Dataset content:
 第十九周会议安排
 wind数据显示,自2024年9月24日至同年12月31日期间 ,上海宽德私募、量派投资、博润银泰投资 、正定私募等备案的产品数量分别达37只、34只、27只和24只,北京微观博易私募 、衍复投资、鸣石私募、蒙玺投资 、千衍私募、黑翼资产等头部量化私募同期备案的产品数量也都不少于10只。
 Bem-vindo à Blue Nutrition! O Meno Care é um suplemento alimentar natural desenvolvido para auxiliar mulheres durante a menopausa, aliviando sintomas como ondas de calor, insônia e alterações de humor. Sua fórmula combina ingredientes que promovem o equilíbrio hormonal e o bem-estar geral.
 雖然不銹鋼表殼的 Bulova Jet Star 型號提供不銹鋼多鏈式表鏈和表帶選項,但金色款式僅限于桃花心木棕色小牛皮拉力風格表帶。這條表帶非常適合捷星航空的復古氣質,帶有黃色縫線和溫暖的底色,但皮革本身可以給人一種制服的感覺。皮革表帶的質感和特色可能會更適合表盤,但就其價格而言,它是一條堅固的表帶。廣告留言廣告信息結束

---

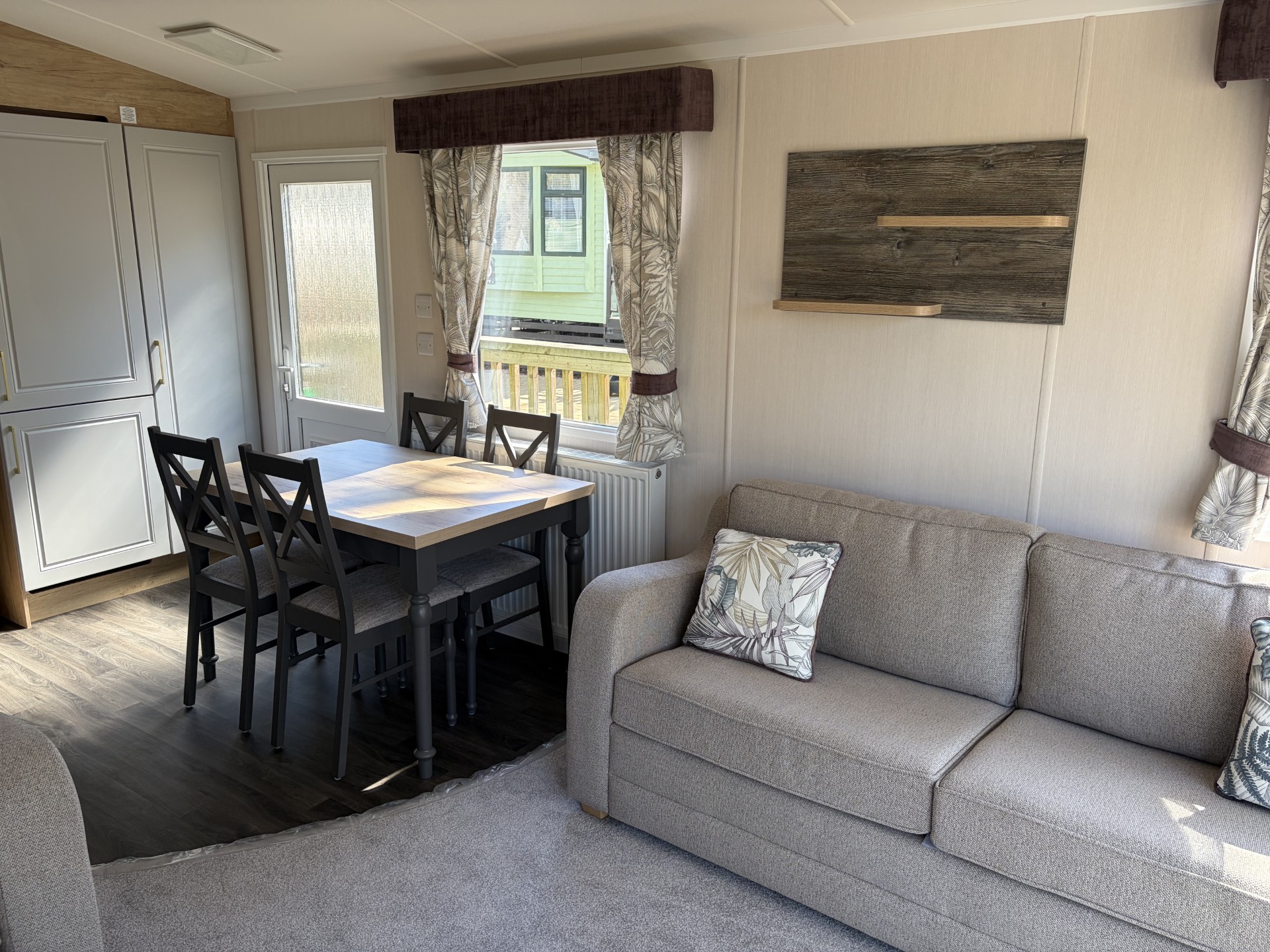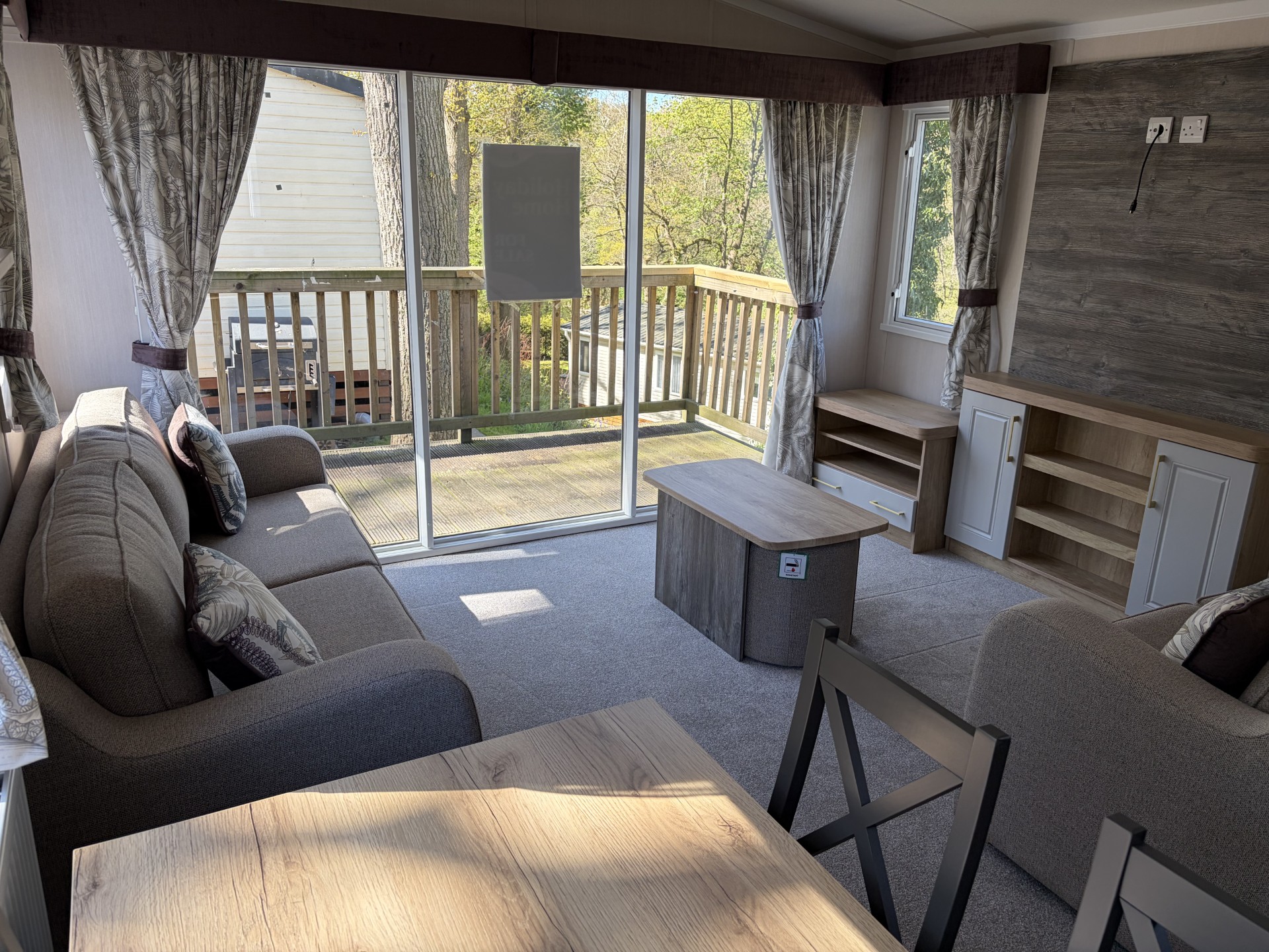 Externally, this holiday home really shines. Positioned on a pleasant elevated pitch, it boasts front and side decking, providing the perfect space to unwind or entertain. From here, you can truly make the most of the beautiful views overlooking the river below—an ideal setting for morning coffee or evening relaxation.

--

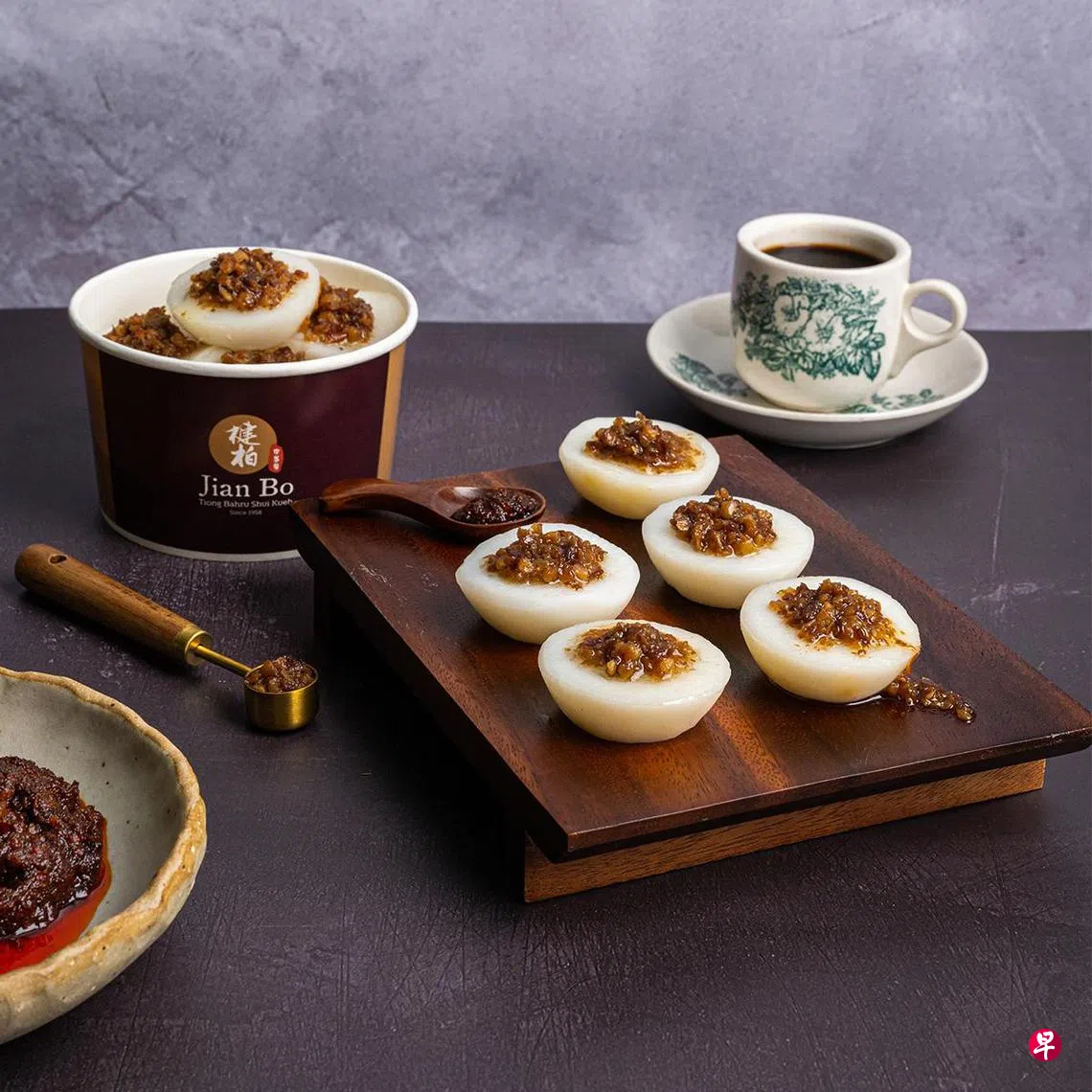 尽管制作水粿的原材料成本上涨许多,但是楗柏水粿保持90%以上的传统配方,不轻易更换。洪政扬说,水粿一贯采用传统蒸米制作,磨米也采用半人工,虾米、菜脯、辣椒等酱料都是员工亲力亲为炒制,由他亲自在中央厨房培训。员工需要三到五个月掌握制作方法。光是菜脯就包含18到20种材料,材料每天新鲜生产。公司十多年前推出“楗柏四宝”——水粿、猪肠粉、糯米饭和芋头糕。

Task item:
Retype exactly, and only, the lines above from the one where "Bem-vindo à Blue" occurs up to and including the one where "雖然不銹鋼表殼的 Bulova Jet" occurs.

Problem solution:
 Bem-vindo à Blue Nutrition! O Meno Care é um suplemento alimentar natural desenvolvido para auxiliar mulheres durante a menopausa, aliviando sintomas como ondas de calor, insônia e alterações de humor. Sua fórmula combina ingredientes que promovem o equilíbrio hormonal e o bem-estar geral.
 雖然不銹鋼表殼的 Bulova Jet Star 型號提供不銹鋼多鏈式表鏈和表帶選項,但金色款式僅限于桃花心木棕色小牛皮拉力風格表帶。這條表帶非常適合捷星航空的復古氣質,帶有黃色縫線和溫暖的底色,但皮革本身可以給人一種制服的感覺。皮革表帶的質感和特色可能會更適合表盤,但就其價格而言,它是一條堅固的表帶。廣告留言廣告信息結束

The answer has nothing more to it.